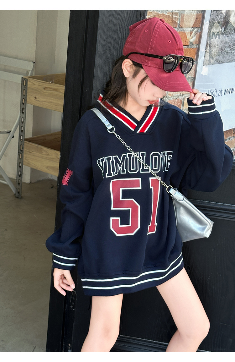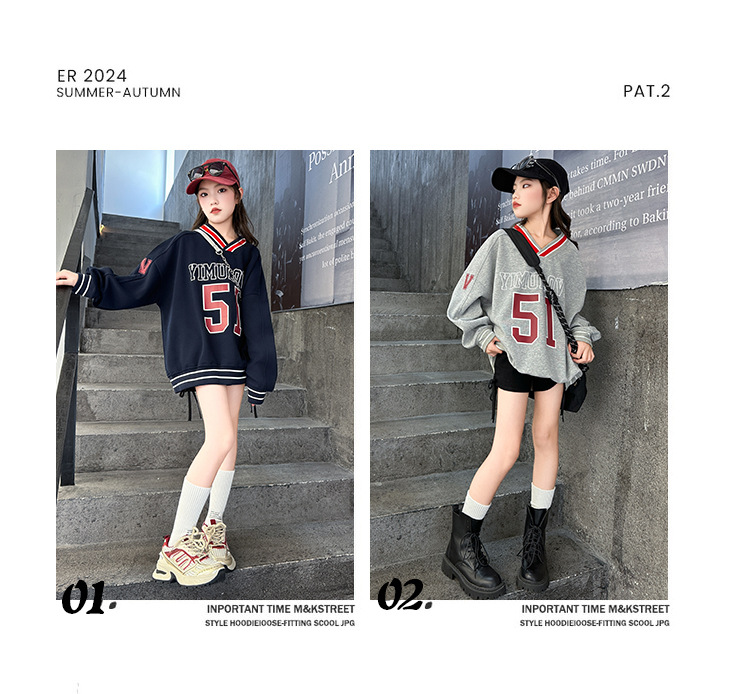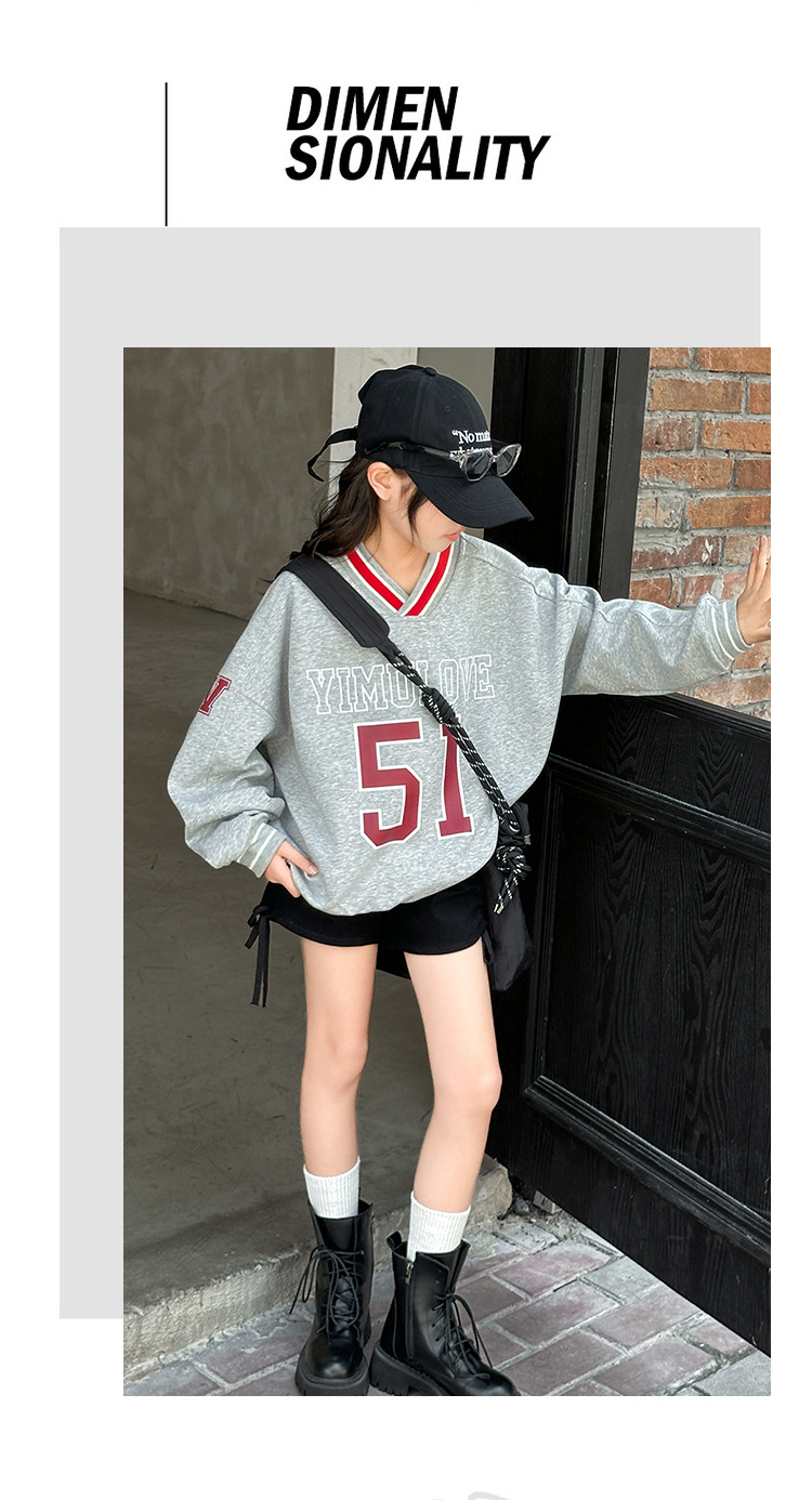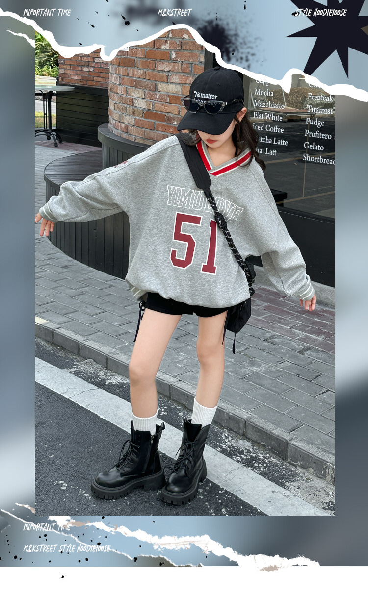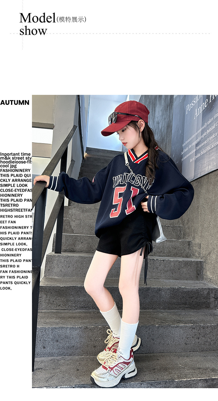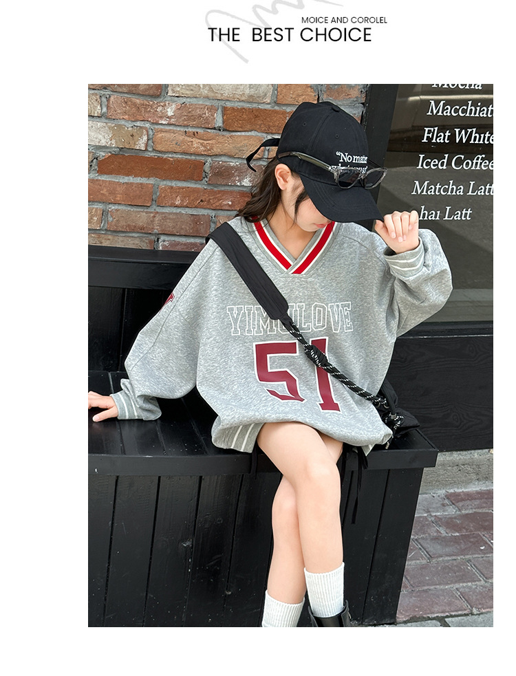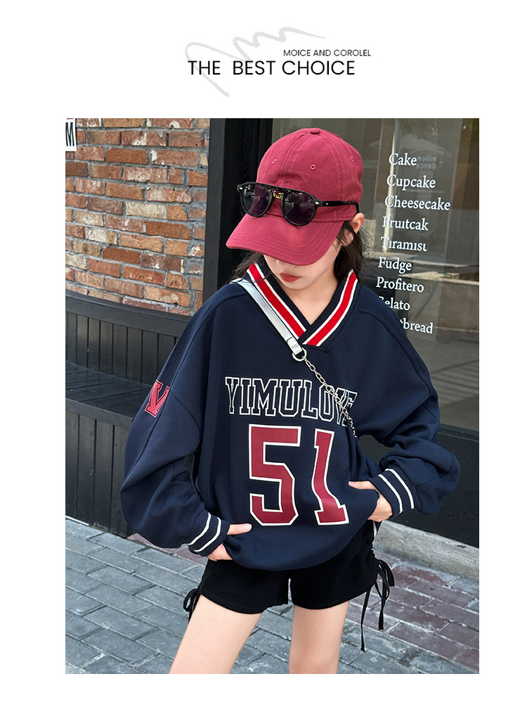 소녀 봄 가을 2024 새로운 스타일 빅 키즈 어린이 세련된 쿨웨어 가을 원피스 대학 스타일의 느슨한 긴팔 탑스토어 가기
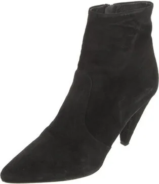 Prada Suede Ankle Boots Black Pointed-Toes Concealed Zip Closure at Sides Fit: This style typically runs a half size small. Read more
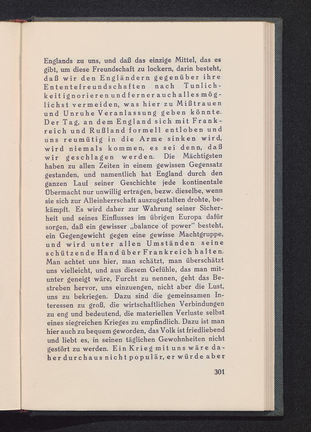 Englands zu uns, und daß das einzige Mittel, das esgibt, um diese Freundschaft zu lockern, darin besteht,daß wir den Engländern gegenüber ihreEntentefreundschaften nach Tunlich-keitignorierenundfernerauchallesmög-lichst vermeiden, was hier zu Mißtrauenund Unruhe Veranlassung geben könnte.Der Tag, an dem England sich mit Frank-reich und Rußland formell entloben unduns reumütig in die Arme sinken wird,wird niemals kommen, es sei denn, daßwir geschlagen werden. Die Mächtigstenhaben zu allen Zeiten in einem gewissen Gegensatzgestanden, und namentlich hat England durch denganzen Lauf seiner Geschichte jede kontinentaleÜbermacht nur unwillig ertragen, bezw. dieselbe, wennsie sich zur Alleinherrschaft auszugestalten drohte, be-kämpft. Es wird daher zur Wahrung seiner Sicher-heit und seines Einflusses im übrigen Europa dafürsorgen, daß ein gewisser „balance of power" besteht,ein Gegengewicht gegen eine gewisse Machtgruppe,und wird unter allen Umständen seineschützende Hand über Frankreich halten.Man achtet uns hier, man schätzt, man überschätztuns vielleicht, und aus diesem Gefühle, das man mit-unter geneigt wäre, Furcht zu nennen, geht das Be-streben hervor, uns einzuengen, nicht aber die Lust,uns zu bekriegen. Dazu sind die gemeinsamen In-teressen zu groß, die wirtschaftlichen Verbindungenzu eng und bedeutend, die materiellen Verluste selbsteines siegreichen Krieges zu empfindlich. Dazu ist manhier auch zu bequem geworden, das Volk ist friedliebendund liebt es, in seinen täglichen Gewohnheiten nichtgestört zu werden. Ein Krieg mit uns wäre da-her durchaus nicht populär, er würde aber
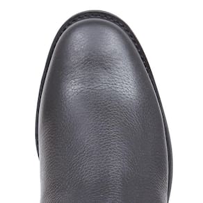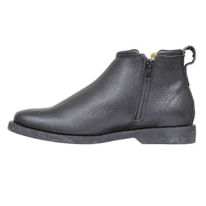 Botina masculina Zebu fabricada em couro na cor Preta, possui cano curto com zíperes laterais, bico redondo, vira costurada e solado de borracha.
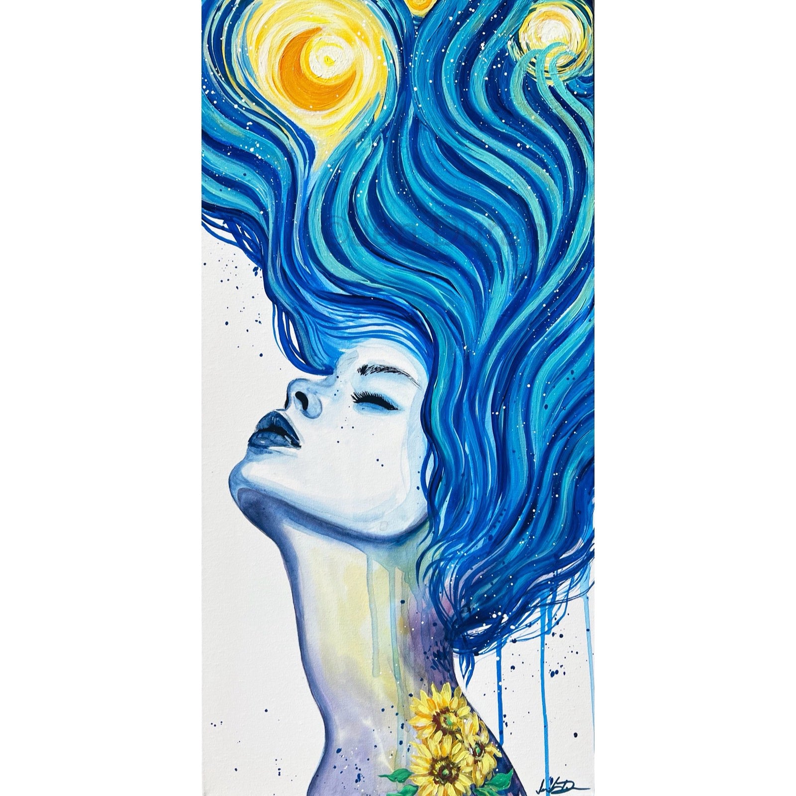 A celestial tribute to Van Gogh’s The Starry Night, this piece reimagines swirling galaxies as flowing strands of hair. With a dreamer’s face tilted skyward in serene surrender, the composition blends cosmic movement with human stillness. Sunflowers bloom at her neck—an homage to another of Van Gogh’s enduring motifs—reminding us that beauty can exist in both the stars and the earth.
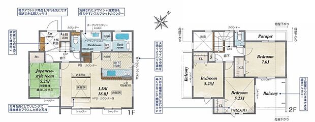 敷地面積は広々54坪!お車2台駐車可能です。開放感溢れる折上天井のリビングはゆとりの18帖!足元から
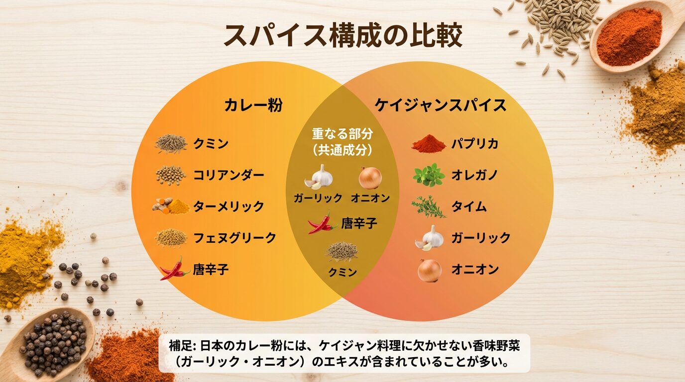ケイジャンスパイスとカレー粉の関係性を整理すると、その共通点が見えてきます。
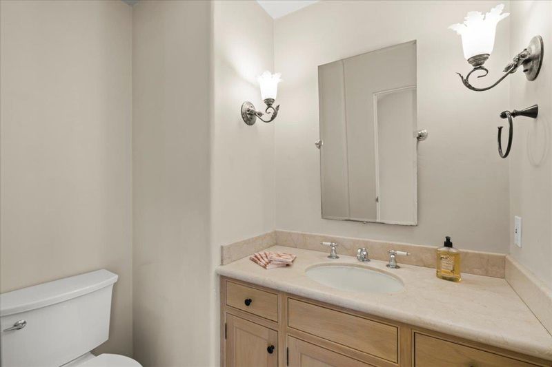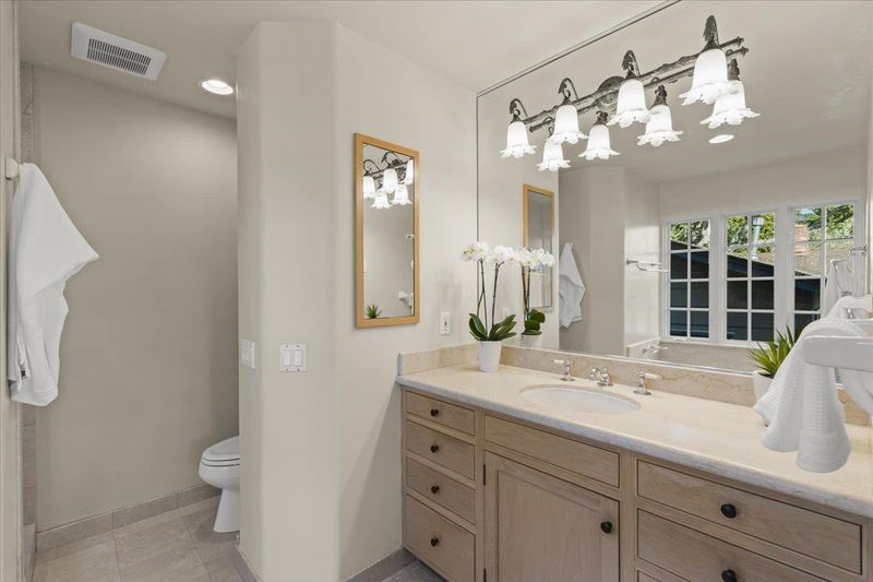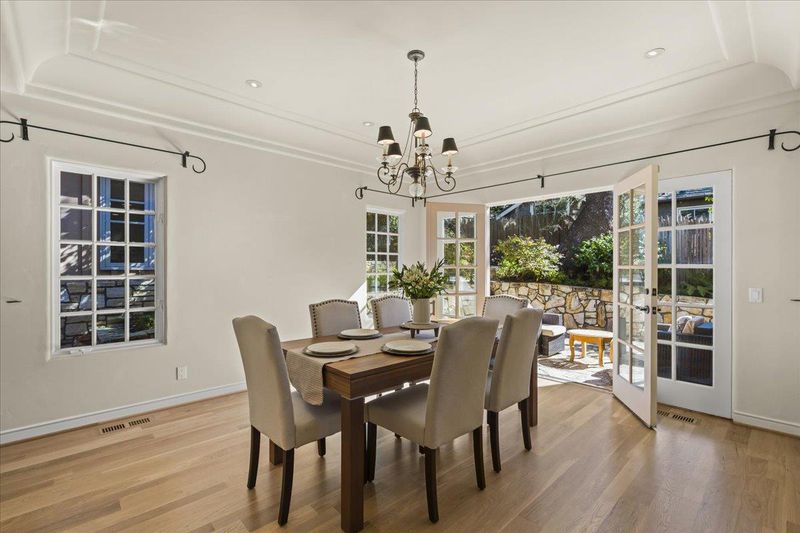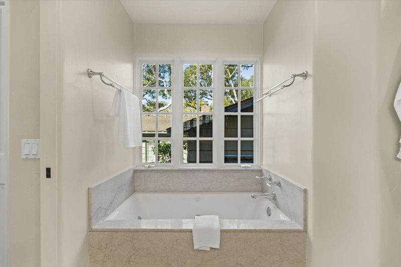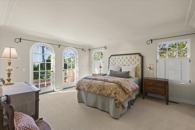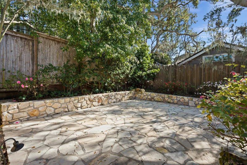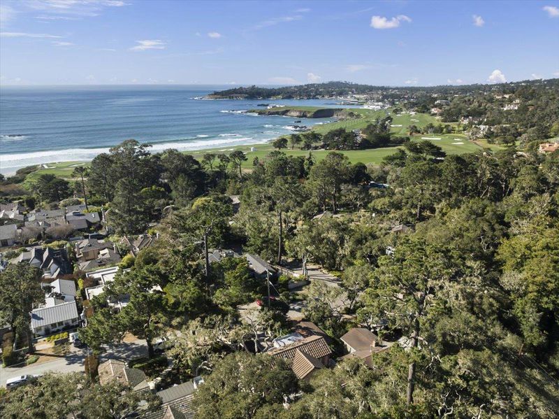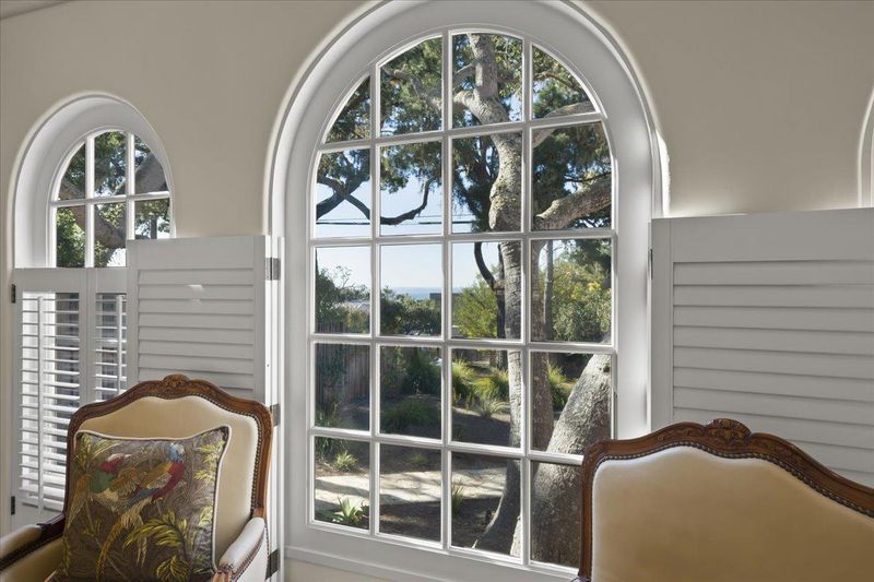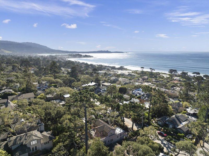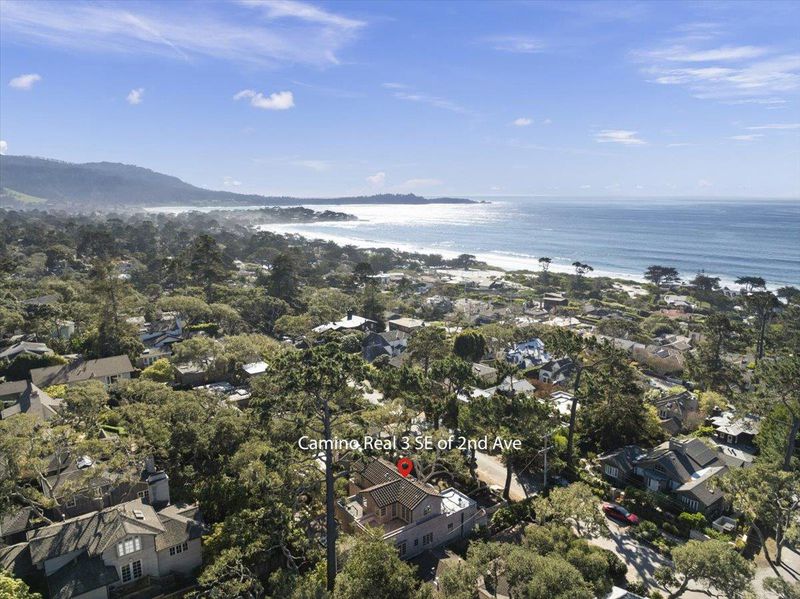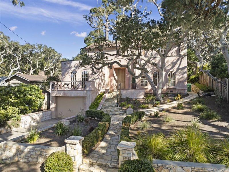 Ocean views and the sound of the waves 2 blocks from Carmel Beach. This quaint Mediterranean home is available for the first time ever. Warm hardwood floors flow from the entry to the living room, where you have ocean views and a magnificent Carmel Sand Stone fireplace with custom built-in cabinetry. Open the French doors of a light filled dining room, to enjoy 2 private patios for outdoor entertaining. Sit on your balcony off the primary bedroom for morning coffee with a view. This primary bedroom sits on the main floor, with ensuite jacuzzi tub, separate shower, walk in closets. A separate 275 sq ft guest studio with bathroom & fireplace, is connected by a stone patio. The original owner who painted here was one of Carmel's famous early California Plein Air artists. Kitchen includes granite counters, Subzero refrigerator, gas appliances plus a warmer oven. Built in kitchen hutch holds all your dishes & glassware in style. Very close to Pebble Beach gate. This home is a one of a kind gem for Carmel living.
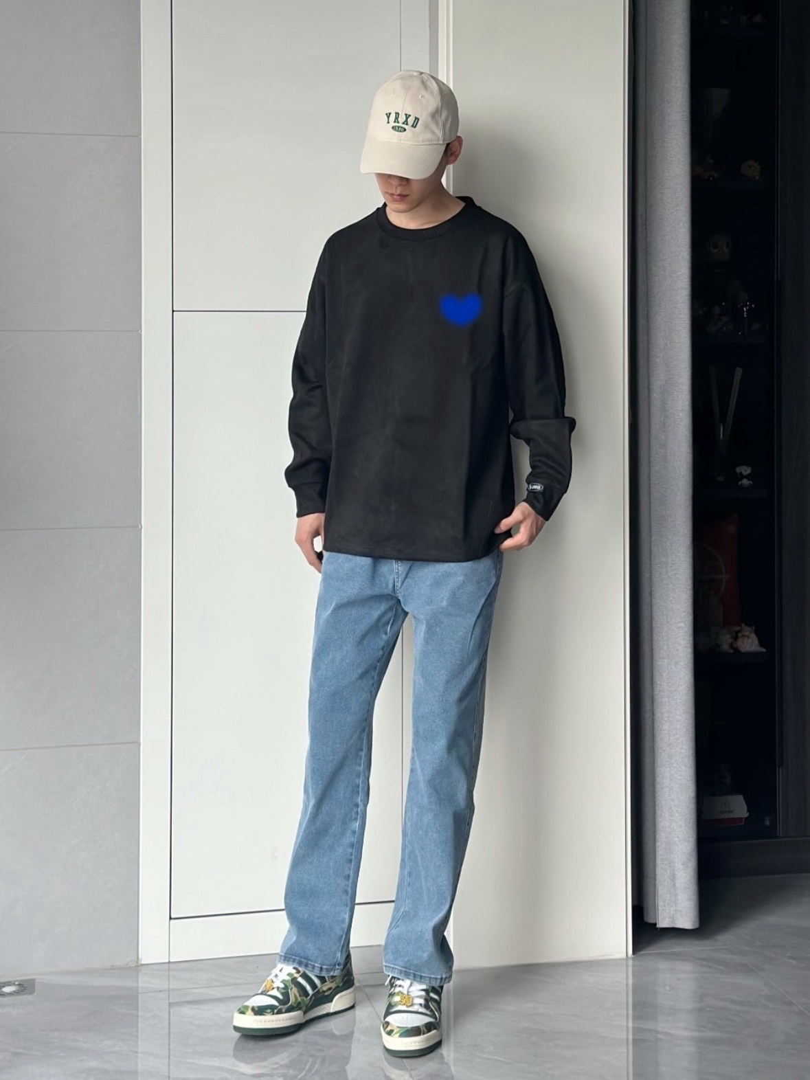 牛仔裤爱好者宣布 今年最爱的百搭牛仔裤 水洗蓝色简直yyds 怎么穿怎么喜欢系列 整体宽松版型上身效果蛮不错 今天搭配了一件黑色长袖 上下深浅颜色对比强烈 可以更好突出裤子 面料还挺有弹性的 很亲肤 💯

- ACTIVITY -
Reproduce the data above word for word and omit the images.

- ANSWER BELOW -
 소녀 봄 가을 2024 새로운 스타일 빅 키즈 어린이 세련된 쿨웨어 가을 원피스 대학 스타일의 느슨한 긴팔 탑스토어 가기
 Prada Suede Ankle Boots Black Pointed-Toes Concealed Zip Closure at Sides Fit: This style typically runs a half size small. Read more
 Englands zu uns, und daß das einzige Mittel, das esgibt, um diese Freundschaft zu lockern, darin besteht,daß wir den Engländern gegenüber ihreEntentefreundschaften nach Tunlich-keitignorierenundfernerauchallesmög-lichst vermeiden, was hier zu Mißtrauenund Unruhe Veranlassung geben könnte.Der Tag, an dem England sich mit Frank-reich und Rußland formell entloben unduns reumütig in die Arme sinken wird,wird niemals kommen, es sei denn, daßwir geschlagen werden. Die Mächtigstenhaben zu allen Zeiten in einem gewissen Gegensatzgestanden, und namentlich hat England durch denganzen Lauf seiner Geschichte jede kontinentaleÜbermacht nur unwillig ertragen, bezw. dieselbe, wennsie sich zur Alleinherrschaft auszugestalten drohte, be-kämpft. Es wird daher zur Wahrung seiner Sicher-heit und seines Einflusses im übrigen Europa dafürsorgen, daß ein gewisser „balance of power" besteht,ein Gegengewicht gegen eine gewisse Machtgruppe,und wird unter allen Umständen seineschützende Hand über Frankreich halten.Man achtet uns hier, man schätzt, man überschätztuns vielleicht, und aus diesem Gefühle, das man mit-unter geneigt wäre, Furcht zu nennen, geht das Be-streben hervor, uns einzuengen, nicht aber die Lust,uns zu bekriegen. Dazu sind die gemeinsamen In-teressen zu groß, die wirtschaftlichen Verbindungenzu eng und bedeutend, die materiellen Verluste selbsteines siegreichen Krieges zu empfindlich. Dazu ist manhier auch zu bequem geworden, das Volk ist friedliebendund liebt es, in seinen täglichen Gewohnheiten nichtgestört zu werden. Ein Krieg mit uns wäre da-her durchaus nicht populär, er würde aber
 Botina masculina Zebu fabricada em couro na cor Preta, possui cano curto com zíperes laterais, bico redondo, vira costurada e solado de borracha.
 A celestial tribute to Van Gogh’s The Starry Night, this piece reimagines swirling galaxies as flowing strands of hair. With a dreamer’s face tilted skyward in serene surrender, the composition blends cosmic movement with human stillness. Sunflowers bloom at her neck—an homage to another of Van Gogh’s enduring motifs—reminding us that beauty can exist in both the stars and the earth.
 敷地面積は広々54坪!お車2台駐車可能です。開放感溢れる折上天井のリビングはゆとりの18帖!足元から
ケイジャンスパイスとカレー粉の関係性を整理すると、その共通点が見えてきます。
 Ocean views and the sound of the waves 2 blocks from Carmel Beach. This quaint Mediterranean home is available for the first time ever. Warm hardwood floors flow from the entry to the living room, where you have ocean views and a magnificent Carmel Sand Stone fireplace with custom built-in cabinetry. Open the French doors of a light filled dining room, to enjoy 2 private patios for outdoor entertaining. Sit on your balcony off the primary bedroom for morning coffee with a view. This primary bedroom sits on the main floor, with ensuite jacuzzi tub, separate shower, walk in closets. A separate 275 sq ft guest studio with bathroom & fireplace, is connected by a stone patio. The original owner who painted here was one of Carmel's famous early California Plein Air artists. Kitchen includes granite counters, Subzero refrigerator, gas appliances plus a warmer oven. Built in kitchen hutch holds all your dishes & glassware in style. Very close to Pebble Beach gate. This home is a one of a kind gem for Carmel living.
 牛仔裤爱好者宣布 今年最爱的百搭牛仔裤 水洗蓝色简直yyds 怎么穿怎么喜欢系列 整体宽松版型上身效果蛮不错 今天搭配了一件黑色长袖 上下深浅颜色对比强烈 可以更好突出裤子 面料还挺有弹性的 很亲肤 💯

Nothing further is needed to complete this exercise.